SHARIF ABDEL KOUDDOUS: And Ryan Grim, on another topic, you’re also the author of the book This Is Your Country on Drugs: The Secret History of Getting High in America. We just had the news of the Justice Department issuing new guidelines for federal prosecutors not to pursue cases against medical marijuana patients. What are your thoughts on the significance of this? And explain the ambiguity between state and federal law in this case.

RYAN GRIM: Well, federal law says that the US government can, if it wants, apply its anti-marijuana laws anywhere in the country, regardless of state laws, but that states are still allowed to pass whatever laws they want to, independent of the federal law. So if you’re a medical marijuana patient in California, you’re protected from the local police, and you’re protected from the state police, but you’re not protected from the DEA. What this policy does is formalize a decision that they had announced during the campaign and then announced again in March of earlier this year that says that if you’re following a state law, and your state law allows you to use medical marijuana or be a caregiver for it, then the DEA won’t mess with you.

Now, you have to be very careful, because the DEA over the last several months has been raiding joints out in California and other places, saying that there are state tax violations or, you know, any other kind of very marginal type of discrepancy between state law and what these businesses are doing. So now the DEA is getting, you know, into the business of enforcing very small state laws. So if you own a medical marijuana shop in California, you better make sure all your parking tickets are paid, basically.

And this just goes back to the kind of, you know, schizophrenic relationship that this country has always had with drugs, and I write about it in the book, going back 200 years, 300, 400, even back to the founders. You know, we have this insatiable desire to alter our consciousness, and at the same time we have this need to control the behavior of other people. And it’s something that’s been in conflict, and it always will, and this is kind of the result of it, although this is a wave of a more libertarian and more liberal kind of philosophy.

SHARIF ABDEL KOUDDOUS: And finally, Senator Richard Durbin introduced a bill on Thursday that would eliminate the disparity in sentencing between crimes of — crimes convicted of cocaine or crack. Can you respond to that?

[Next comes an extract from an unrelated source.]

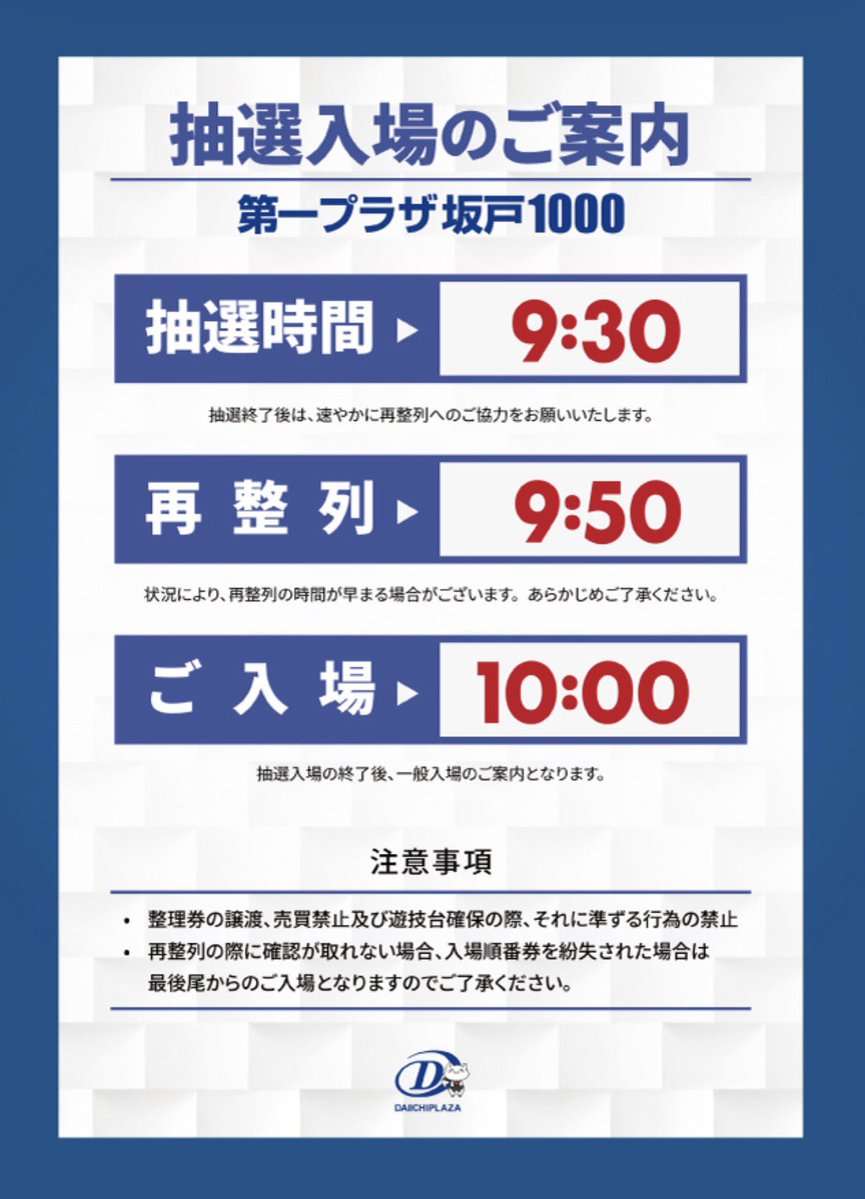 2月22日(日)に埼玉県坂戸市の「第一プラザ坂戸1000」(@1pla_1000 )さんへ来店されます。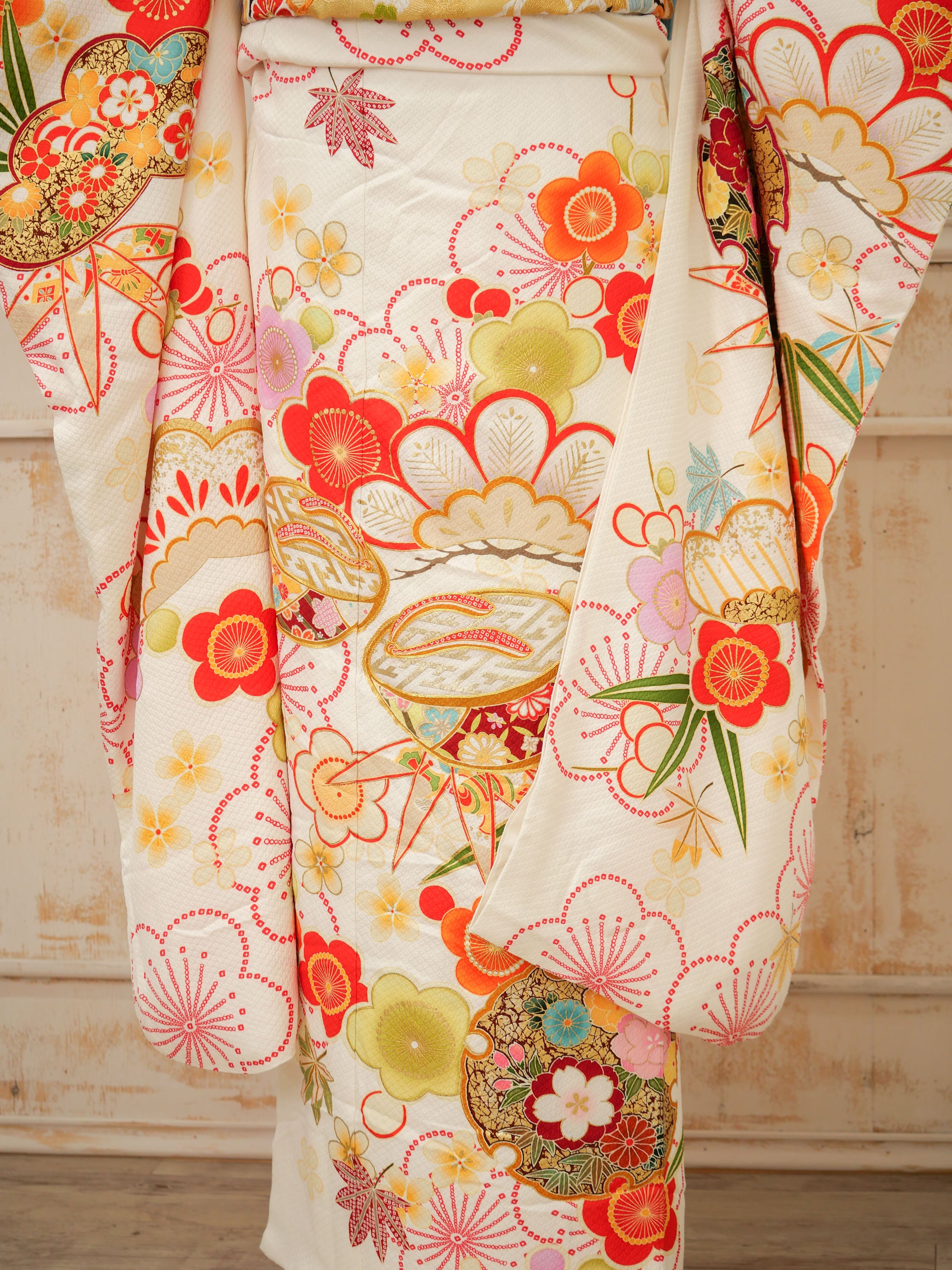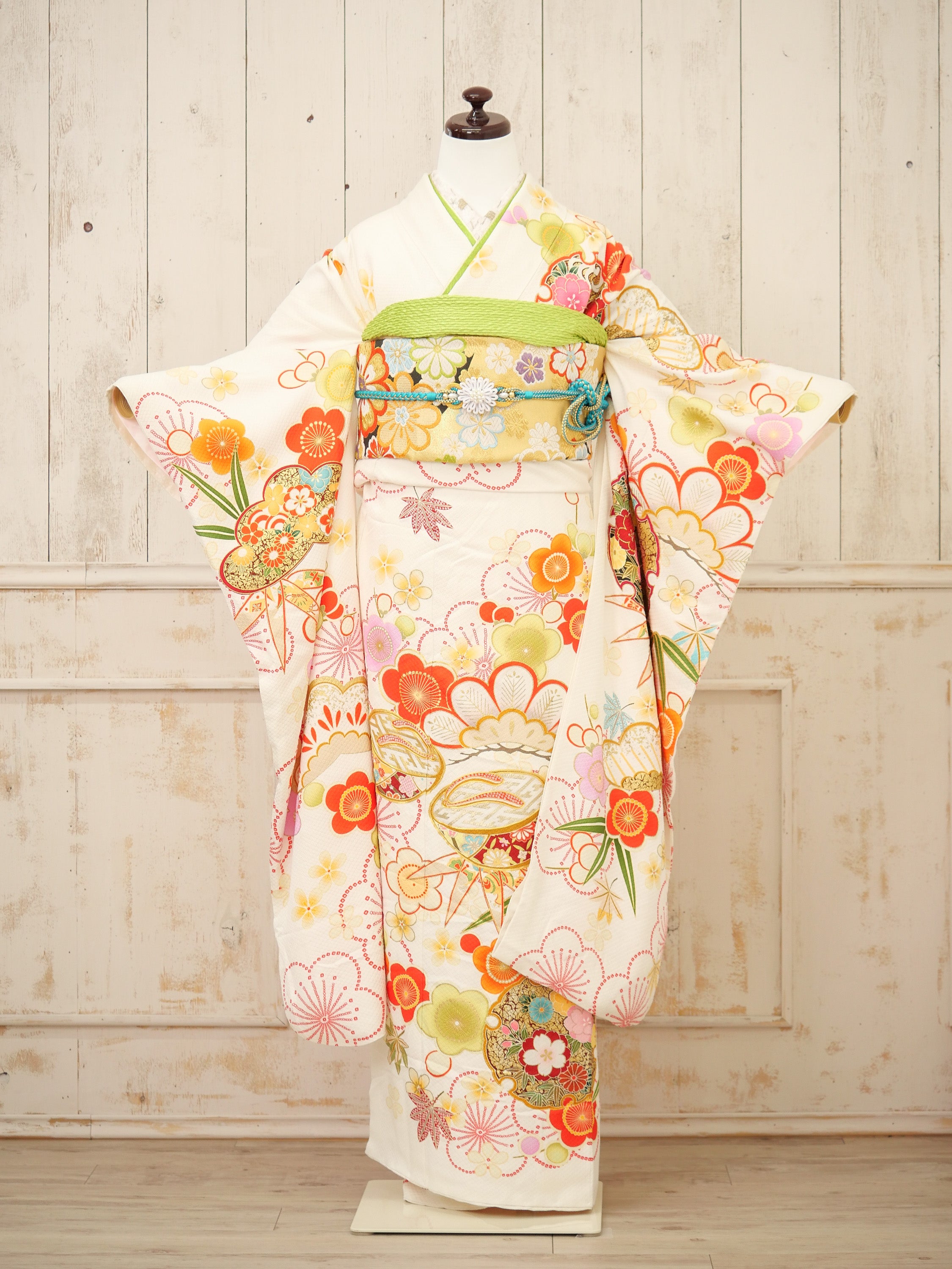 中振袖、袋帯、長襦袢(半襟付き、ポリエステル)、重ね衿(着物に縫い付けの商品あり)、帯揚げ、帯締め、ショール、腰紐5本、伊達締め2本、衿芯、前板、後板、帯枕(ガーゼ付き)、コーリンベルト1本、三重紐、草履、バッグ

RYAN GRIM: It’s astounding that we even have to talk about something like this. This is one of the legacies of the ’80s, where if you’re caught with five grams of crack cocaine, you get the same penalty as if you’re caught with 500 grams of powder cocaine. You know, and it’s obvious who the users of powder cocaine are compared with who the users are of crack cocaine. It’s one of the most racist laws that we have on the books today.

And it says something that, finally, Democrats are at least addressing it. I think a lot of it has to do with actually the reduction in the crime rate over the last ten years or so, which has given Democrats a little bit of window to start speaking up on civil rights again and not be afraid of being accused of soft on crime or soft on drugs.

There was a, you know, very dark period for this country in the ’80s on drug policy, and as a result, we went from around 500,000 prisoners to over two million. You know, we lead the world in locking people up. And we also lead the world in drug use. So, clearly, something is not working.

AMY GOODMAN: Ryan Grim, we want to thank you very much for being with us, senior correspondent for the Huffington Post. His book is This Is Your Country on Drugs: The Secret History of Getting High in America.